*** Provided data ***
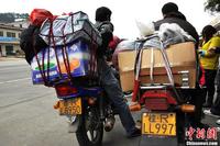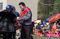 1月30日,接近5000架次摩托车经广东封开县进入广西返乡过年。随着春节的临近,预计“铁骑大军”返乡高潮将于下周出现。为了让返乡之路更温暖更安全,封开县工会、团委等部门联合开展“暖流行动”,在长岗收费站免费为驾驶摩托返乡的民工们提供警车护送过境、热姜粥和热开水、简便的医疗服务、打电话给家人报平安、摩托车维修服务等12类免费服务,让‘暖流“温暖每一颗归家的心。为韦石明 摄 图片来源:东方IC 版权作品 请勿转载
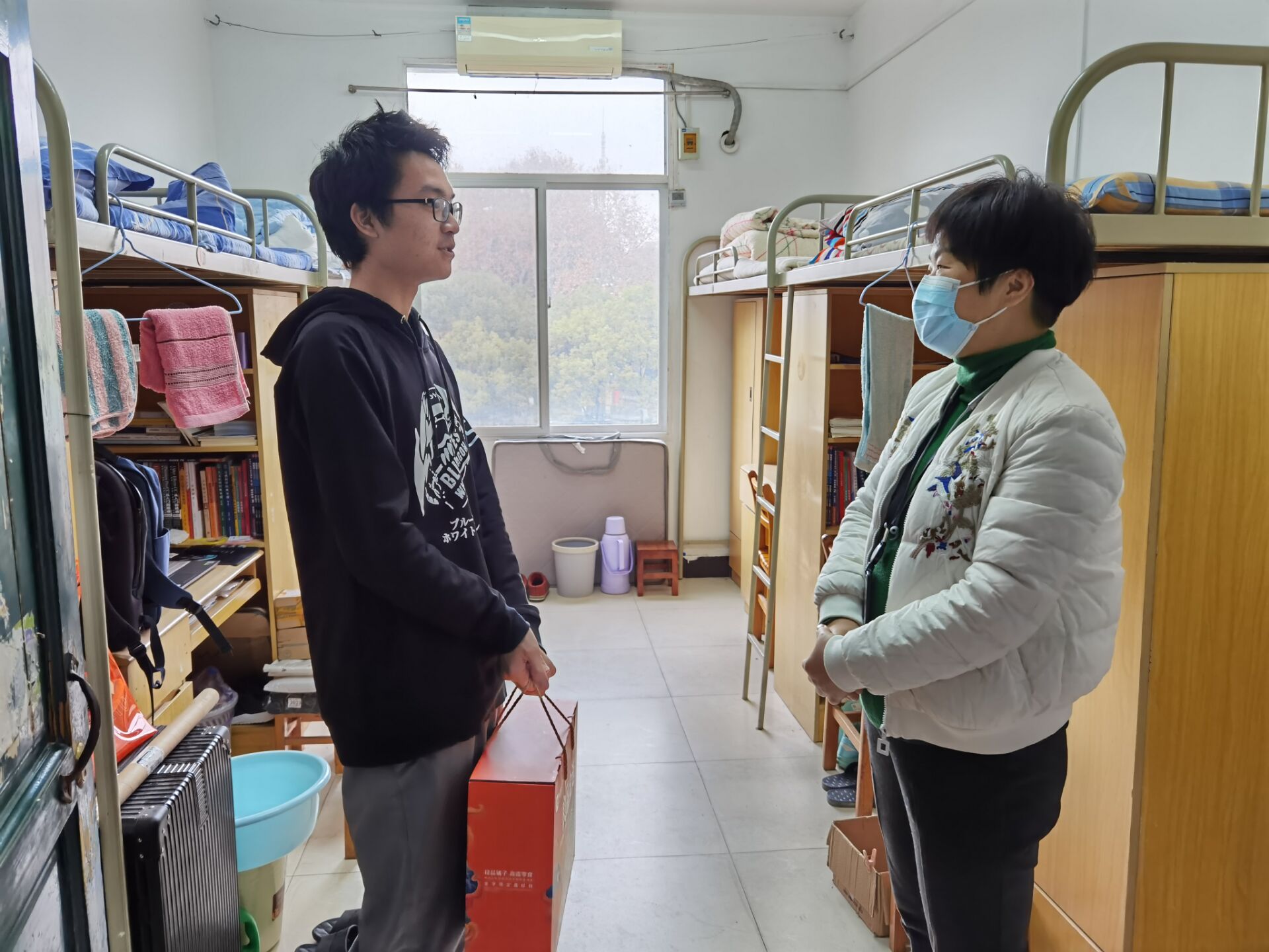老王论坛 目前共有8名本科生因疫情或自主学习等原因申请留校。老师们与每位留校学生亲切交流,关心问候同学们在校情况,询问同学们生活上是否存在困难。其中有两位同学因西安和安阳疫情而不能返乡,冯书记详细了解了他们的家里情况,并请同学们向其家人转达学院的诚挚问候。老师们为每位留校同学送去慰问品,叮嘱大家一定要保重身体、注意安全、劳逸结合、保持联系。
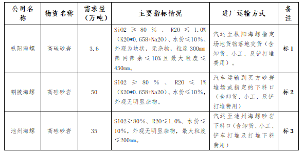 根據(jù)池州、銅陵和樅陽海螺公司實(shí)際生產(chǎn)需求,本著“公開、公平、公正”的原則,擬對直供高硅砂巖進(jìn)行公開招標(biāo),歡迎具備條件的單位參加,現(xiàn)將招標(biāo)相關(guān)事宜公告如下:
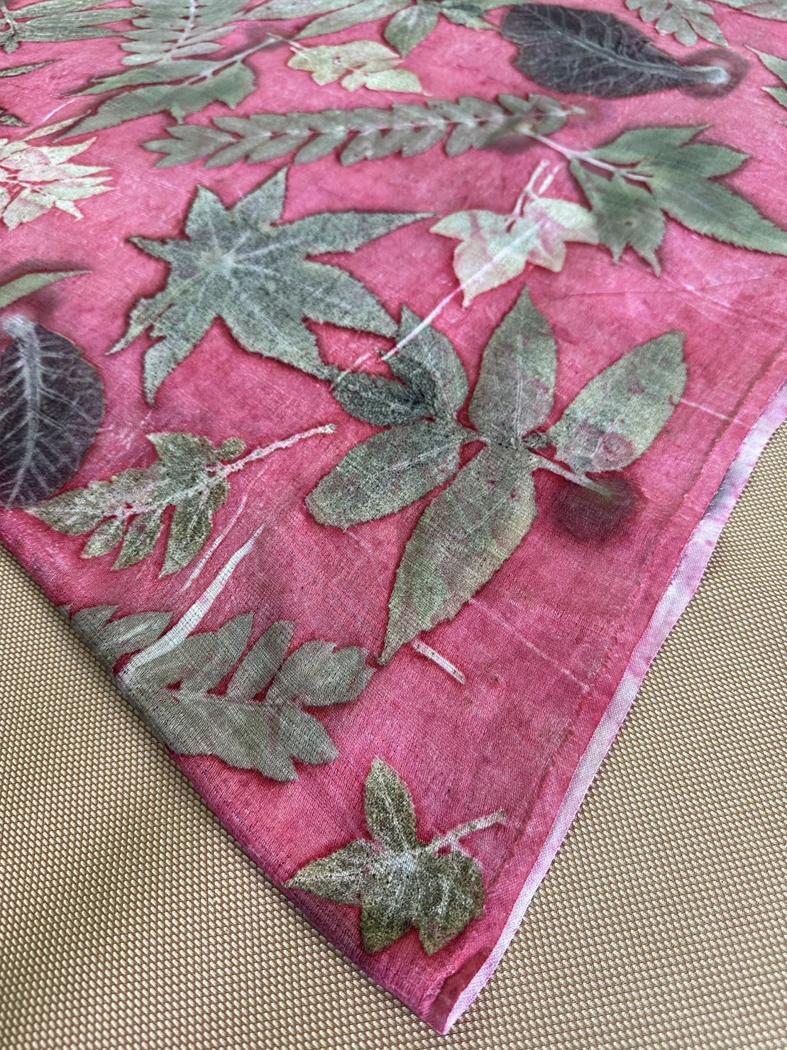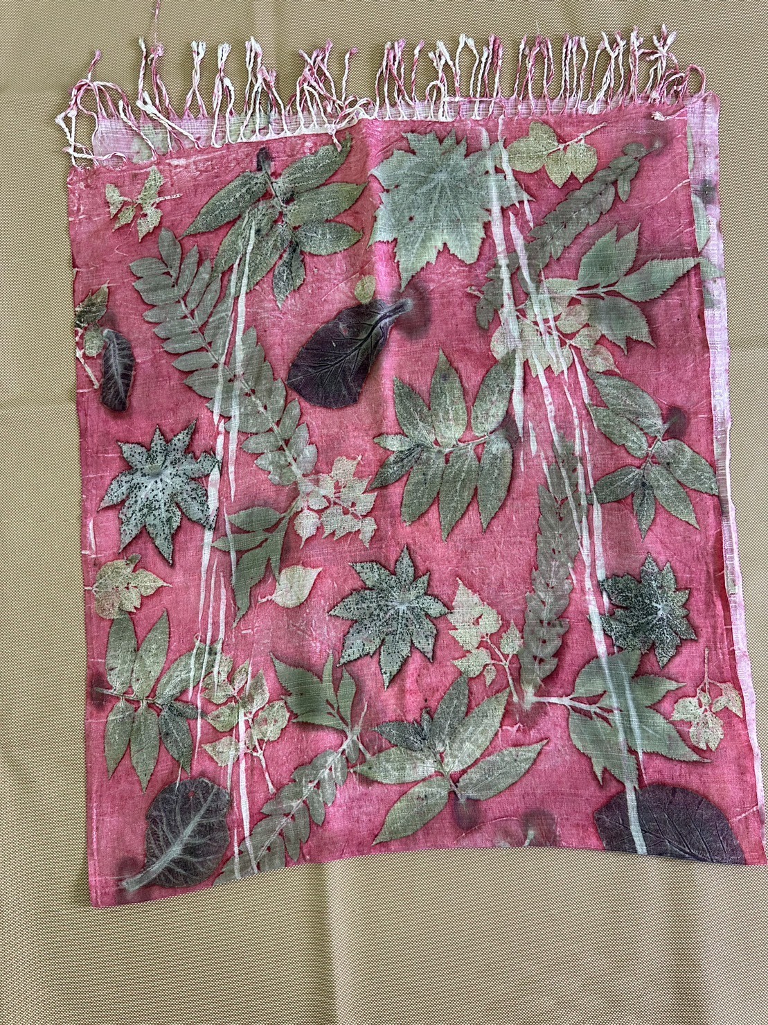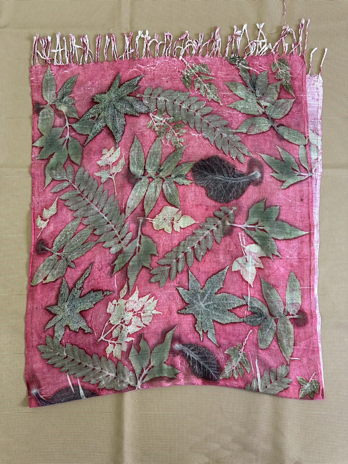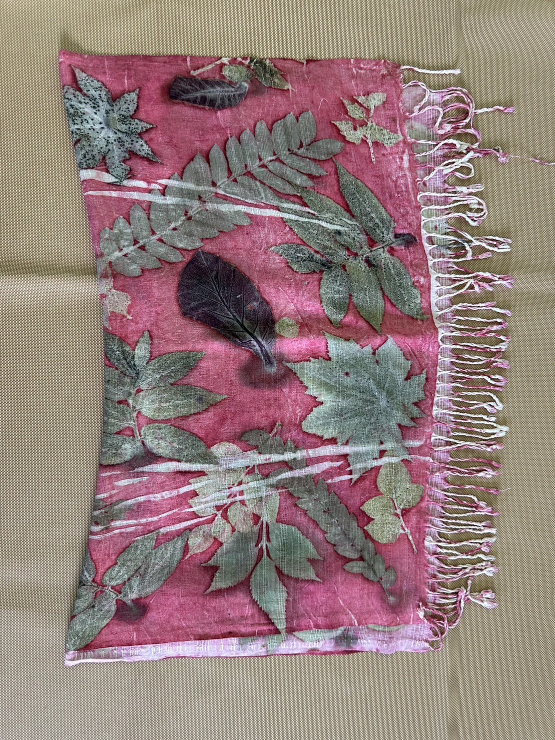 ผ้าพันคอ Eco print (สีชมพู)
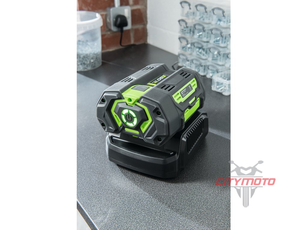 Pro standardní nabíjení baterií EGO je nutné použít inteligentní nabíječky EGO. Standardní nabíječka je opatřena ložem baterie tak, aby se baterie dostala do nabíječky pouze správným způsobem. Nabíječka je opatřena řídící elektronikou, která naprosto samostatně vyhodnotí stav baterie a automaticky zvolí režim nabíjení, dobu nabíjení a nabíjecí proud. Stav baterie a aktuální stav nabití je indikován LED diodami na panelu. Nabíječka je tak plně automatická bez jakéhokoliv nutného zásahu ze strany uživatele. Ergonomicky je navržena tak, aby byla dostatečně stabilní. Například od "0" do plného nabití 2,5Ah baterie trvá této nabíječce 50 minut a baterie 5,0Ah 100 minut. Takže při střídání dvou baterií mnohdy pokryjete výkon potřebný pro celodenní práci.
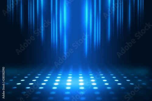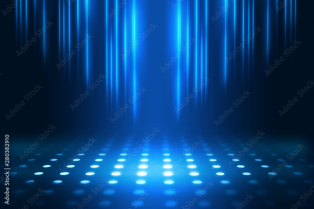 Empty background scene - dark street reflection on wet asphalt - rays of neon light in the dark, neon Wall mural
***
Problem requirements: From the line that contains "Pro standardní nabíjení" to the final line of the entries, reproduce every line exactly, both ends included. Leave out all pictures.

Solved exercise:
 Pro standardní nabíjení baterií EGO je nutné použít inteligentní nabíječky EGO. Standardní nabíječka je opatřena ložem baterie tak, aby se baterie dostala do nabíječky pouze správným způsobem. Nabíječka je opatřena řídící elektronikou, která naprosto samostatně vyhodnotí stav baterie a automaticky zvolí režim nabíjení, dobu nabíjení a nabíjecí proud. Stav baterie a aktuální stav nabití je indikován LED diodami na panelu. Nabíječka je tak plně automatická bez jakéhokoliv nutného zásahu ze strany uživatele. Ergonomicky je navržena tak, aby byla dostatečně stabilní. Například od "0" do plného nabití 2,5Ah baterie trvá této nabíječce 50 minut a baterie 5,0Ah 100 minut. Takže při střídání dvou baterií mnohdy pokryjete výkon potřebný pro celodenní práci.
 Empty background scene - dark street reflection on wet asphalt - rays of neon light in the dark, neon Wall mural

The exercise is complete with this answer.